Exercise goal =>
If a line in the listing below includes the word "that", pick it out.

Data in this exercise =>

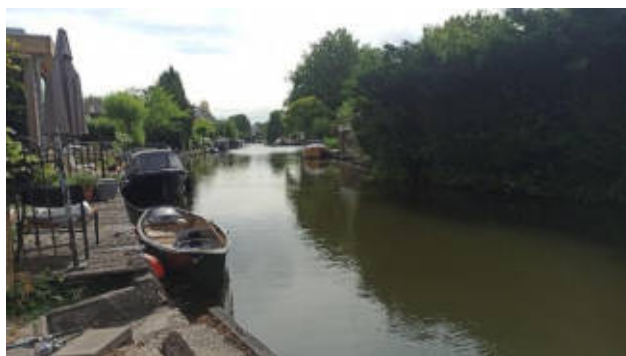
De Giessen achter de Kerkweg rond 1955 en nu
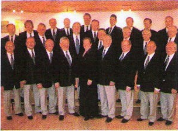
Mieskuoro AIKAPOJAT alkoivat laulamaan vuonna 1979.

Kun lähdettiin -80 luvulle oli seurassa jäseniä 1140. Seuran jaostot ja harrastusryhmät olivat lisääntyneet joita olikin nyt 25, jotka toimivat pääasiallisesti Kristiinagatanilla. Seuralla oli myöskin oma Baari joka vaikutti huomattavasti omalla tuotolla seuran toimintaan taloudellisesti. Yhteishenki oli käsin kosketeltavissa, kun oman saunan rakentamis haaveesta oli tullut totta edellisen vuoden puolella ja niinpä innokkaan talkootyön tuloksena saunapirtti rakennus valmistui ja voitiin pitää viralliset avajaiset marraskuussa -82 Lövuudenilla. Viimeiset Suomipäivät Vallbyssa pidettiin vuonna -82 jonka jälkeen Suomipäivät sekä perhepäivien vietto siirtyi Djäknebergille ja Lövuudenille. Jäsenmäärät pysyivät tuhannen jäsenen molemmiin puolin aina kahdeksänkymmentäluvun puoleenväliin saakka.
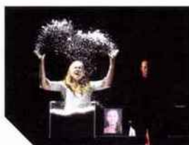
141 ANTIGONE À MOLENBEEK & TIRESIAS Guy Cassiers
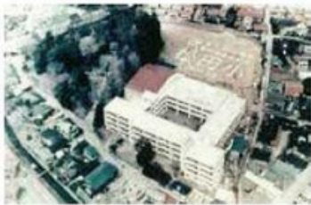
松田小学校開校100周年記念 上空からの様子
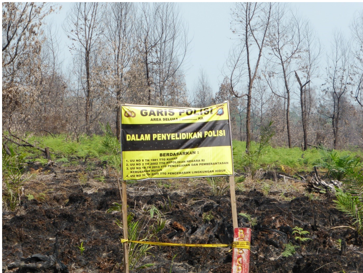
Gambar 2. Pemasangan Police Line oleh Kepolisian yang menunjukan polisi sedang melakukan penyelidikan terhadap pembakaran sekitar 100 hektar pada akasia yang berumur 3-4 tahun di areal IUPHHK-HT/HTI PT. Arara Abadi-Siak. Gambar diambil pada titik koordinat N0°55'21.91" E102°11'6.54". Gambar diambil tanggal 14 Oktober 2015. Eyes on the Forest 2015.
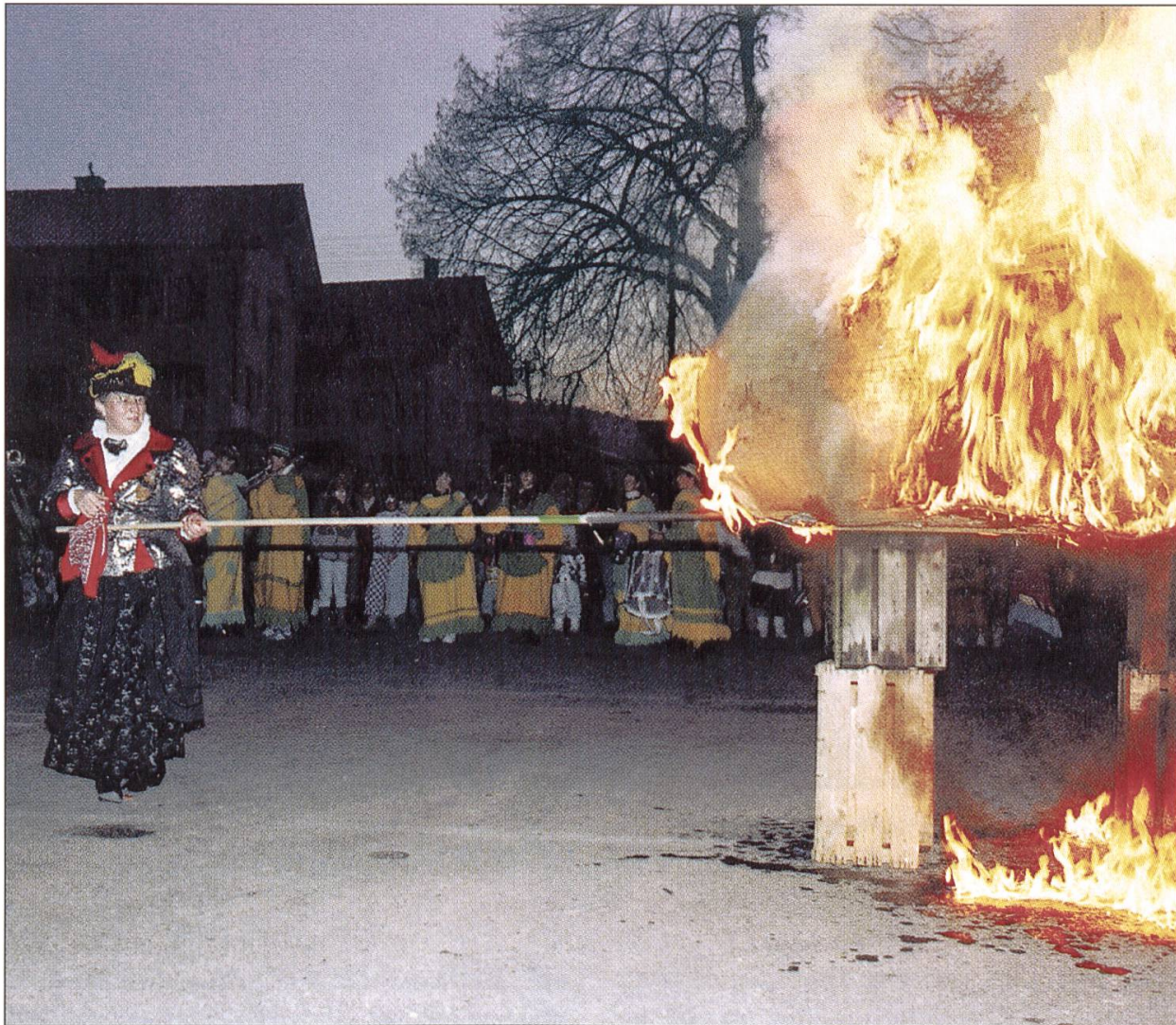
Palma I.: Häppereverbrennung 1988.

und brachten in Versform Geschichten vor. Offenbar sind diese nachbarschaftlichen Faschnachtsbesuche nicht immer friedlich verlaufen. Wenn der Alkohol die Zunge löste, begannen die Burschen sich gegenseitig aufs Korn zu nehmen, was oft Schlägereien auslöste. Von der Fasnacht in Dagmersellen in der ersten Hälfte des 20. Jahrhunderts ist uns wenig bekannt. Am bekanntesten war offenbar der grosse Turnerball der Nachkriegszeit, der Vorläufer des traditionellen Turnerballes. Seit Jahren führte auch die Musikgesellschaft einen Ball durch. Neueren Datums war der Skiball, er wurde in den 70er-Jahren
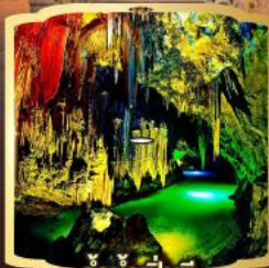
ถ้ำน้ำเป็นซี
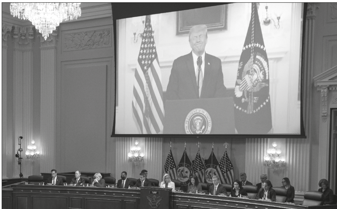
▲ "If one looks at the United States, one concludes that there are two systems of justice at play. One is for regular people, the other is for the rich and privileged; former President Donald Trump is a prime example".

HE ALSO CLAIMED to have divested himself of his Chinese bank accounts before he ran for the presidency. His income tax returns indicate that he lied.

Result of this task =>
▲ "If one looks at the United States, one concludes that there are two systems of justice at play. One is for regular people, the other is for the rich and privileged; former President Donald Trump is a prime example".
HE ALSO CLAIMED to have divested himself of his Chinese bank accounts before he ran for the presidency. His income tax returns indicate that he lied.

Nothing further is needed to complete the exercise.